In the last week I tried a couple of interesting things, which well speed up the test.
Next following article, I have implemented the better s reduction function (_jacobi_config_reduce_s2()) which is the approximation of knapsack problem solution. We choose weight of each q equal to w(q) = \sum\limits_{p | q-1}{\phi^2(p^j)}, where \phi denotes Euler's function. Then we find a prime power factor q^k of s with max w(q) and set s = s/q^k. By doing this as long as possible, we will get a good s value. It also gave a small speed boost. For better explanations and links you can look at chapter 4 of "Primality Testing and Jacobi Sums". As I see it is not implemented in PARI/GP aprcl.
I add config functions, which try to reduce s value. If s have prime power factor q^k for which s/q^k > n^{1/2} then we can choose biggest q and set s = s/q^k. This is repeated until it is no longer possible (_jacobi_config_reduce_s()). It gave a nice speed boost for numbers n which are much smaller than the computed number s. This optimization enabled us to slightly outperform PARI/GP and "smooth" time of computation (no spikes).
![]() |
up to 300 digits |
Another thing which gave interesting results - I remove t = 166320 = 2^4*3^3*5*7*11 and always use t = 720720 = 2^4*3^2*5*7*11*13. If we use it together with s reduction function we have ~0.5 second speed up for 300 digits prime (5.6 sec instead of 6.1).
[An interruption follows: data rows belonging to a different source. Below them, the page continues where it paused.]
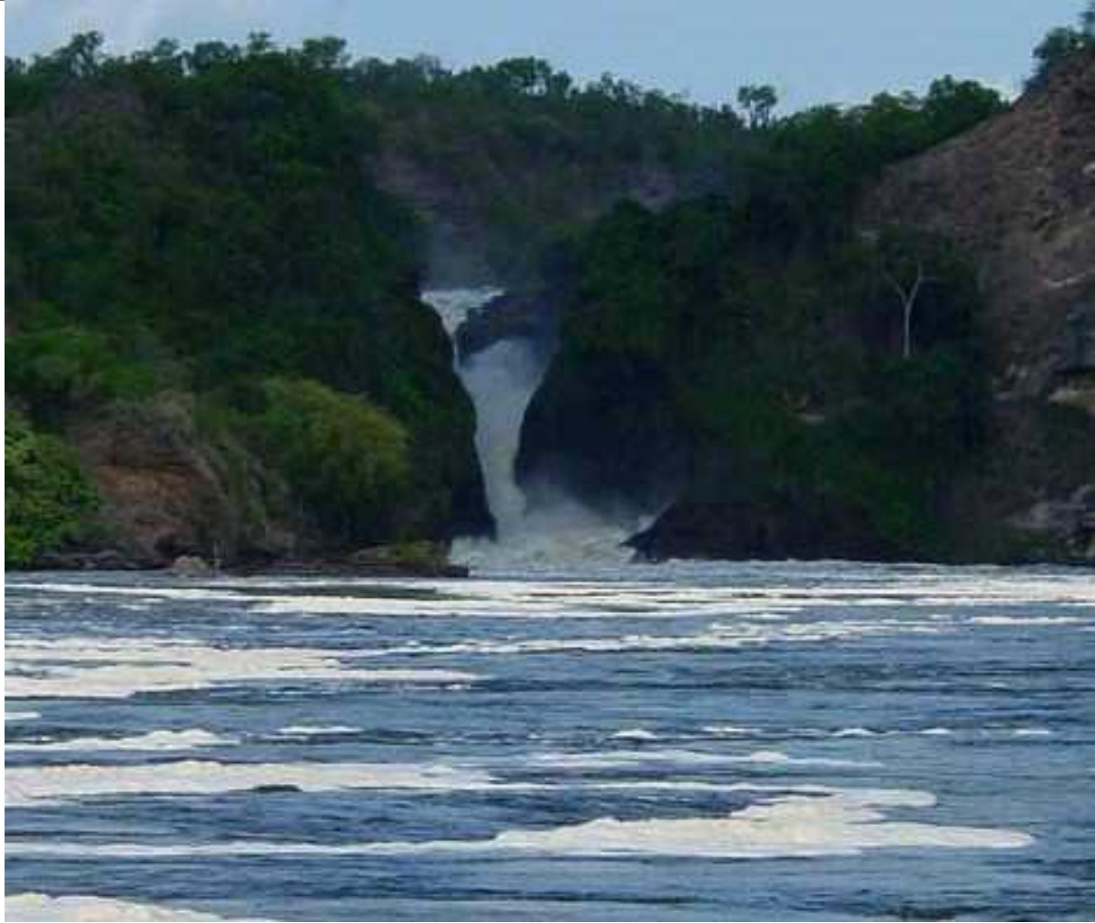
Le Nil en Ouganda. Photo du Nil ou Hâpy régnait en maître !
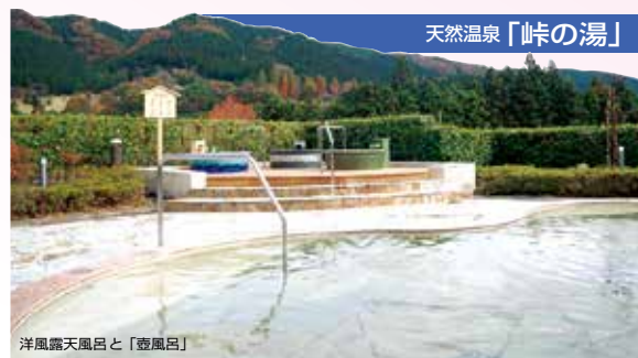
洋風露天風呂と「壺風呂」

お風呂は2階に和風・洋風大浴場(サウナ付)、露天風呂2カ所。風呂付休憩個室(要予約)も2室あります。アプトの道から直結した1階は入館無料。レストラン、売店、ロビー等をご利用いただけます。周辺観光の起点としても、ご活用ください。
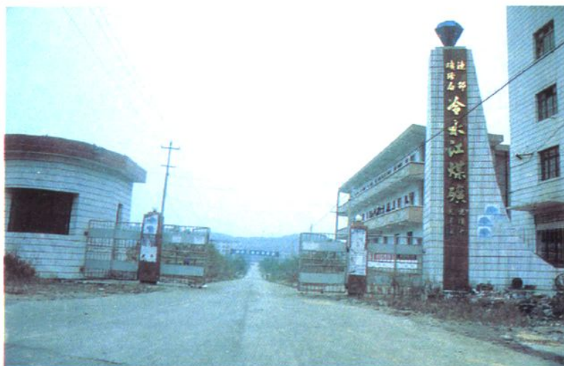
1985年建成的 冷水江煤矿
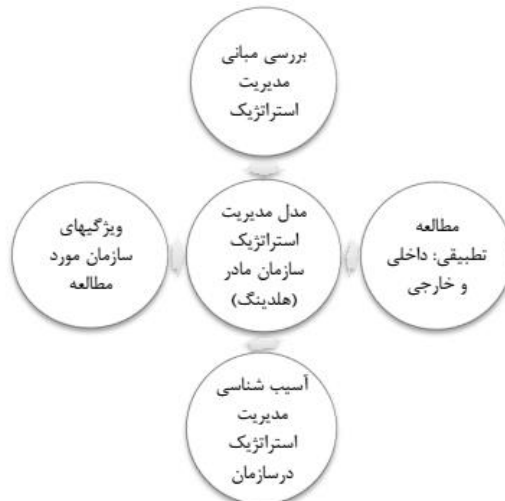
شکل ۱. مراحل اصلی برای طراحی الگو

در این مطالعه به‌جای توجه صرف به الگو و فرآیند برنامه‌ریزی راهبردی، مدیریت راهبردی شامل طراحی الگو، تدوین برنامه، اجرای برنامه و ارزیابی و کنترل برنامه راهبردی مدنظر قرار گرفته است. بدیهی است این رویکرد برگرفته از مبانی، مطالعه تطبیقی و عارضه‌یابی برنامه پنج‌ساله نخست بوده است. شاید به‌ظاهر چنین به نظر برسد که در سازمان‌های دولتی، مدیریت راهبردی کاربردی ندارد؛ ولی عکس داستان صادق است.
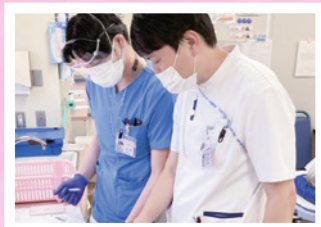
院内 救急救命士 との協働
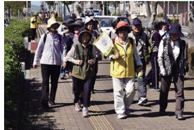
デリシャスウォーキング
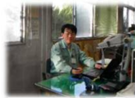
これは? 名東土木だより作っています。
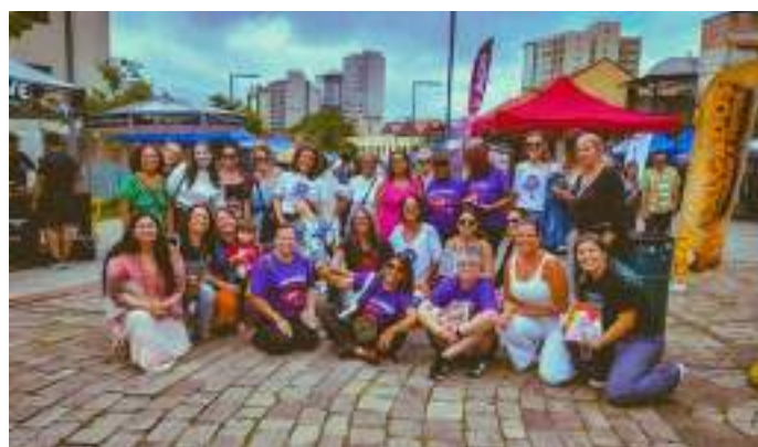
Chay Luge – Com o mote nacional e unificado “Pela vida das mulheres! Contra o imperialismo, por democracia, soberania e pelo fim da escala 6x1!”, a Marcha Mundial das Mulheres (MMM) e outras organizações e movimentos sociais ocuparam as ruas de todo o Brasil no 8 de março de 2026. A Marcha em Porto Alegre.

These is because we do not have a special sqr/mul functions for p = 13 or p = 27, but for p = 27 we have poly of length 17 and for p = 13 length = 12. After using s reduction function in both cases we have s of similar size, but use faster multiplication/squaring. It works for all numbers which are used t = 166320. Also in this place there is space for optimization, because now in final divison step we need to do 720720 multiplications and divisions, and it takes ~15% of all time.
The next thing to look at in the future is special functions sqr/mul for all p values. I look at p = 13 and write result for squaring and I don't think that's a good idea to work with it manually. It look like some type of cse task and I think I can find some algorithm for this later...
I also add special multiplication functions for p = 3, 4, 5, 7, 8, 9, 11 and 16. It gave just a couple of percent increase, but almost for free :)
So, now test works 0.115 sec for 100 and 5.6 sec for 300 digits numbers (I think I have never posted my processor type - Core2Duo T6670 2.2GHz processor, so I do not have avx instructuions set, which may be can be used in gmp).
This week I want to fix all warnings I have, do some refactoring and add more documentation. I also want to add something similar to profile folder with primes of different sizes (from https://primes.utm.edu/lists/small/ , for example) and outputs. I have it for me, but it was written not very carefully and not committed.